In his Charles Eliot Norton lectures at Harvard University in 1989, Cage composed a series of mesostics entitled, method Structure Intention Discipline Notation Indeterminacy Interpenetration Imitation Devotion Cirumstances Variables Structure Nonunderstanding Contingency Inconsistency Performance (more conveniently known as I-IV — lectures one to four). I-IV included source material from a range of texts including Henry David Thoreau, Ralph Waldo Emerson, Richard Buckminster Fuller, Marshall McLuhan, the New York Times, the Wall Street Journal and the Christian Science Monitor. Similar to his dispersion of sounds in his earlier musical compositions, in this mesostic, Cage disperses these voices across the visual space of the page and across the aural space of his listeners. The focus is on the emptiness that surrounds each word, the idea that each word "sounds" alone with its own richness while still interacting with the larger collection of words. This is non-communication based on the recognition of the vibrations of intensity that issue forth from the singularity of a voice. To communicate in this sense is to hear "the noise in the message", the excess that escapes rational discourse. In between the words, in the material sound itself, exists another, more profound communication.

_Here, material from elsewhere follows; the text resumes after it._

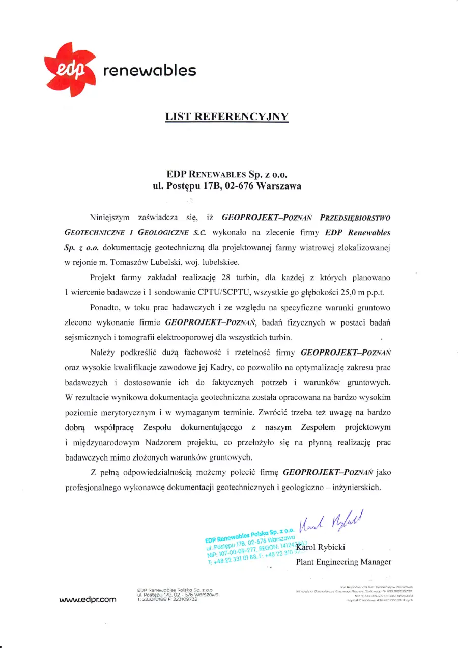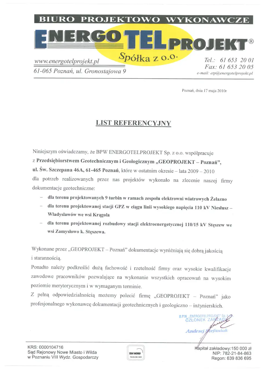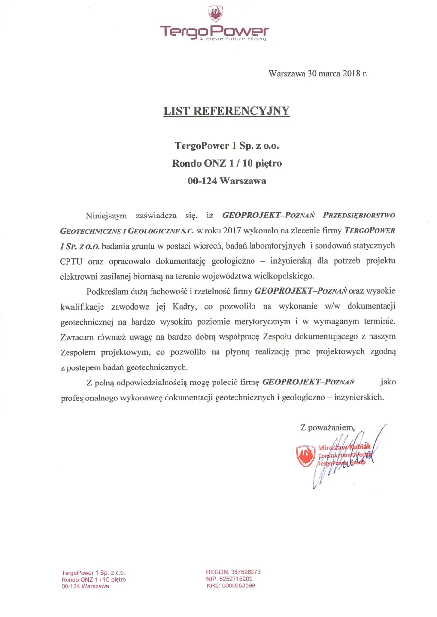Ponadto stale współpracujemy z ekspertami z dziedziny geotechniki z Uniwersytetu im. Adama Mickiewicza w Poznaniu.

It is no longer a question of obtaining a predetermined message but of listening to the materiality of words, the music of language. In these terms, writing serves no useful function. There is no exchange of information from point A to point B. While rational discourse depersonalizes and orders, Cage’s poetics acknowledge the singularity of each word and the singularity of each listener. Resonance without a conclusion. Not self-expression but an expression of self. Words vibrate. Language sings.